Kaushik Vakadkar 1,, Diya Purkayastha 1, Deepa Krishnan 2
PMCID: PMC8296830  PMID: 34316724

Abstract

Autism Spectrum Disorder (ASD) is a neurological disorder which might have a lifelong impact on the language learning, speech, cognitive, and social skills of an individual. Its symptoms usually show up in the developmental stages, i.e., within the first two years after birth, and it impacts around 1% of the population globally [https://www.autism-society.org/whatis/facts-and-statistics/. Accessed 25 Dec 2019]. ASD is mainly caused by genetics or by environmental factors; however, its conditions can be improved by detecting and treating it at earlier stages. In the current times, clinical standardized tests are the only methods which are being used, to diagnose ASD. This not only requires prolonged diagnostic time but also faces a steep increase in medical costs. To improve the precision and time required for diagnosis, machine learning techniques are being used to complement the conventional methods. We have applied models such as Support Vector Machines (SVM), Random Forest Classifier (RFC), Naïve Bayes (NB), Logistic Regression (LR), and KNN to our dataset and constructed predictive models based on the outcome. The main objective of our paper is to thus determine if the child is susceptible to ASD in its nascent stages, which would help streamline the diagnosis process. Based on our results, Logistic Regression gives the highest accuracy for our selected dataset.

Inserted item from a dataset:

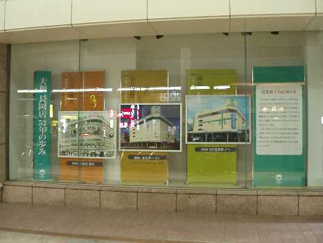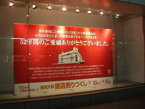 ついに一週間後の4月25日に大和長岡店が閉店になります。大和のショーウィンドーには52年の大和長岡店の移り変わりを記した案内が掲示されています。長い間ご苦労様。

Keywords: Autism spectrum disorder, Machine learning, Dataset, Preprocessing, Encoding, SVM, KNN, Random forest, Logistic regression, Confusion matrix, Precision, Recall, F1 score, Accuracy

Introduction

Autism Spectrum Disorder occurs in the developmental stages of an individual and is a serious disorder which can impair the ability to interact or communicate with others. Generally caused by genetics or environmental factors, it impacts the nervous system, as a result of which the overall cognitive, social, emotional, and physical health of the individual is affected [8]. There is a wide variance in the range as well as the severity of its symptoms. A few of the common symptoms the individual faces are difficulties in communication, especially in social settings, obsessive interests, and mannerisms, which take a repetitive form. To identify ASD, an extensive examination is required. This also includes an extensive evaluation and a variety of assessments by psychologists for children and various certified professionals. Conventional methods of diagnosing include Autism Diagnostic Interview Revised (ADI-R) and Autism Diagnostic Observation Schedule Revised (ADOS-R). However, these are lengthy and cumbersome, taking up a large amount of time as well as effort.

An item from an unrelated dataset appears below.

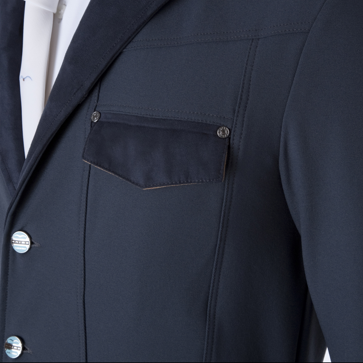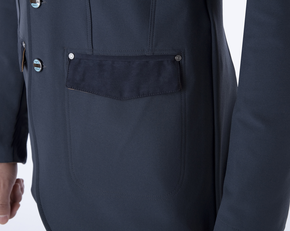 Zwei Klapptaschen, die Brusttasche und Kragen in Alcantara-Optik.
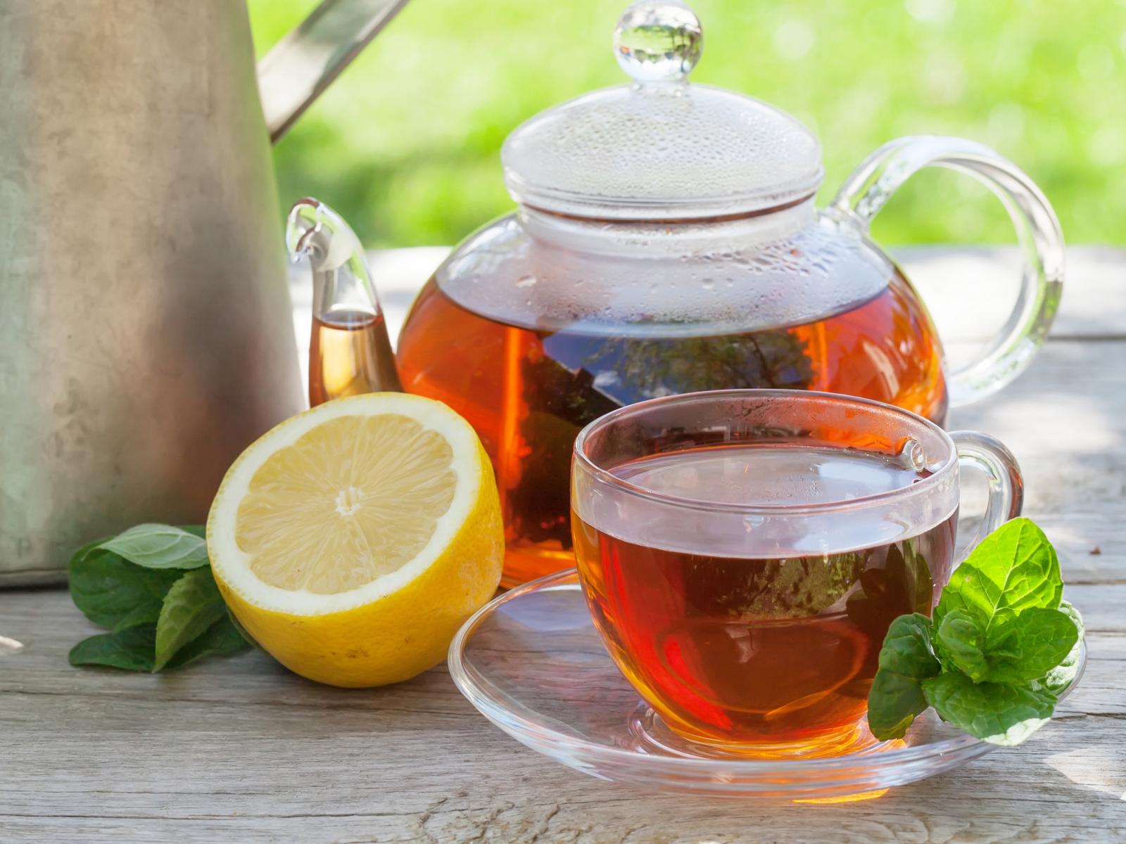 Обои Чайник с чаем на столе с чашкой и половиной лимона

A significant portion of the pediatric population suffers from ASD. In most cases, it can usually be identified in its preliminary stages, but the major bottleneck lies in the subjective and tedious nature of existing diagnosis procedures. As a result, there is a waiting time of at least 13 months from the initial suspicion to the actual diagnosis. The diagnosis takes many hours [10], and the continuously growing demand for appointments is much greater than the peak capacity of the country’s pediatric clinics [20].

Detecting and treating Autism Spectrum Disorder in its early stages are extremely crucial as this helps to decrease or alleviate the symptoms to a certain extent, thus improving the overall quality of life for the individual. However, owing to the gaps between initial concern and diagnosis, a lot of valuable time is lost as this disorder remains undetected. Machine Learning methods would not only help to assess the risk for ASD in a quick and accurate manner, but are also essential to streamline the whole diagnosis process and help families access the much-needed therapies faster.

Some of the screening methods used to detect ASD in children are Autism Spectrum Quotient (AQ), Childhood Autism Rating Scale (CARS-2), and Screening Tool for Autism in Toddlers and Young Children (STAT). In our paper, we have used the Q-CHAT-10 [2] screening method for toddlers.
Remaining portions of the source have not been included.